I've seen quite a few brand standard manuals in my time in the creative industry, and this is the most memorable way I've ever seen to cover the "don'ts" section.
It took me about five minutes to figure out what was the point of this website. I'm on a 13in Macbook Pro and didn't realize you could scroll down to see the buttons. Does it bother anyone else when people design websites for tall screens that most people on laptops just don't have?
"The fold" is important in many places; games and other web applications should indeed be visible from the start. It's true, we have now scroll bars and scroll wheels and scroll areas on our touchpads, so it's not as important as it was in press, but it surely does need to be considered. It always upsets me to see news sites which have too much crap at the top of the screen getting between me and the thing I came there to read.
In this case, you are simply wrong about the application of "the fold", though. The point is, this is a simple web page containing a link and an application. The application is large enough that it cannot be reasonably guessed to live in the top 400-500 pixels of the screen. So there should have been a visual cue to distinguish the application, perhaps a box around it, so that people who have not yet seen the buttons at the bottom will scroll down and see them. Right now you have no idea where the application resides, and that is the complaint.
On Mac OS X Lion, in Safari, scroll bars are hidden by default. They are only shown when you start to scroll, using either the arrow keys or the two-finger-drag gesture. So if the page looks complete and you don't try to scroll because of that, you have no indication that there is more to the page.
Edit: the scroll bar is also shown briefly when the page finishes loading.
WorldWideWeb had scroll bars. Since day one of the web, browsers have been expected to gracefully handle documents with too much content to easily render on one screen. It's not reasonable for every author worldwide to have to simultaneously munge all their documents just because one browser maintainer woke up thinking it would look cooler for you not to know if there's more to read.
1280x800... i didnt have safari maximized but it was a pretty big window already. Even after maximizing it the follow button was still below the fold, when clearly this entire website was designed to be viewed in one window.
I don't see the buttons on Chrome before scrolling on my 13" MBP, but since I'm stubbornly sticking to 10.6 I did get a nice big scrollbar to let me know to scroll down. :)
Java and flash each have current install bases of 1,000,000,000+ devices and are adding devices at a rate that far outstrips mobile safari. Neither are shiny, cool technologies, but they're not "legacy technologies" yet.
Android has supported it since v 2.2 (at least 3 years since HTC Hero), and I've used it on Samsung, Motorola and HTC devices. Blackberries also have a deep implementation of AIR.
Are there actually any higher-end phones or tablets made by anyone other than Apple that don't support flash? I'm genuinely curious since I love to play on kongregate.com during commutes.
Actually, the player hasn't been discontinued at all.
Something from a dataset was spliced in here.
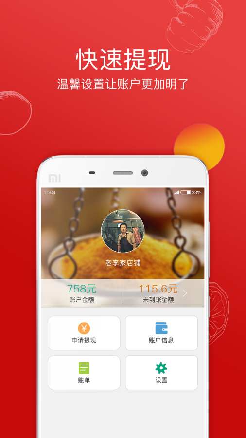 温馨设置让账户更加明了,提供详细的收支明细报表和经营数据分析。提现申请即时处理,资金到账快,手续费透明,财务对账更轻松。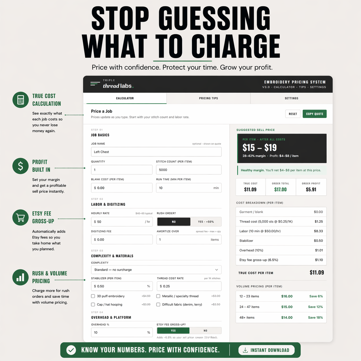 Enter your stitch count, labor rate, garment cost, and overhead — get your true cost and a profitable sell price instantly. Includes Etsy fee gross-up, rush rate support, and volume pricing. No more guessing what to charge.

It's still supported and bugfixes are still released. The decision was not to develop new versions in the future and instead to focus on flash apps via AIR. As of now, Android and Blackberry both support the newest version-- version 11, with 3D hardware acceleration.
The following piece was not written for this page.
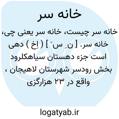 خانه سر. [ ن ِ س َ ] ( اِخ ) ده کوچکی است از دهستان اشکور پایین بخش رودسر شهرستان لاهیجان واقع در 54 هزارگزی جنوب رودسر و 4هزارگزی شوئیل. سکنه آنجا 38 تن و محصول عمده آن غلات و مختصری فندق است. ( از فرهنگ جغرافیایی ایران ج 2 ص 98 ).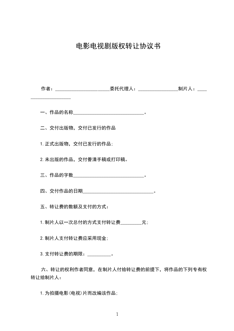 作者同意,在制片人付给转让费的前提下,将作品的下列专有权转让给制片人:

In a generation or two, flash may indeed be "legacy" for mobile browser clients. That has absolutely nothing to do with the rest of the web market or the "mobile in general doesn't support flash" claim, which is verifiably false.
The very definition of discontinued is no new versions. Bug fixes and support don't change that.
As the majority of mobile devices in users' hands today do not support Flash, it is indeed fair to say "mobile in general doesn't support Flash". Again, that's the definition of "in general".
Maybe it's just me, change aversion and all, but the new bird is a bit odd and not friendly anymore. It's facing up in an angelic pose, tilting it's head back in ecstasy.
One of the things that made Twitter a great brand is that end users got to kind of invent a little bit of the brand whenever they promoted their Twitter accounts on their sites and other places. It encouraged creativity that eventually extended to what the users posted on the service.
Why bow to the gods of uniformity after half a decade of freedom? With the reach of their network and the level of influence they've built, don't they have something better to spend their time on?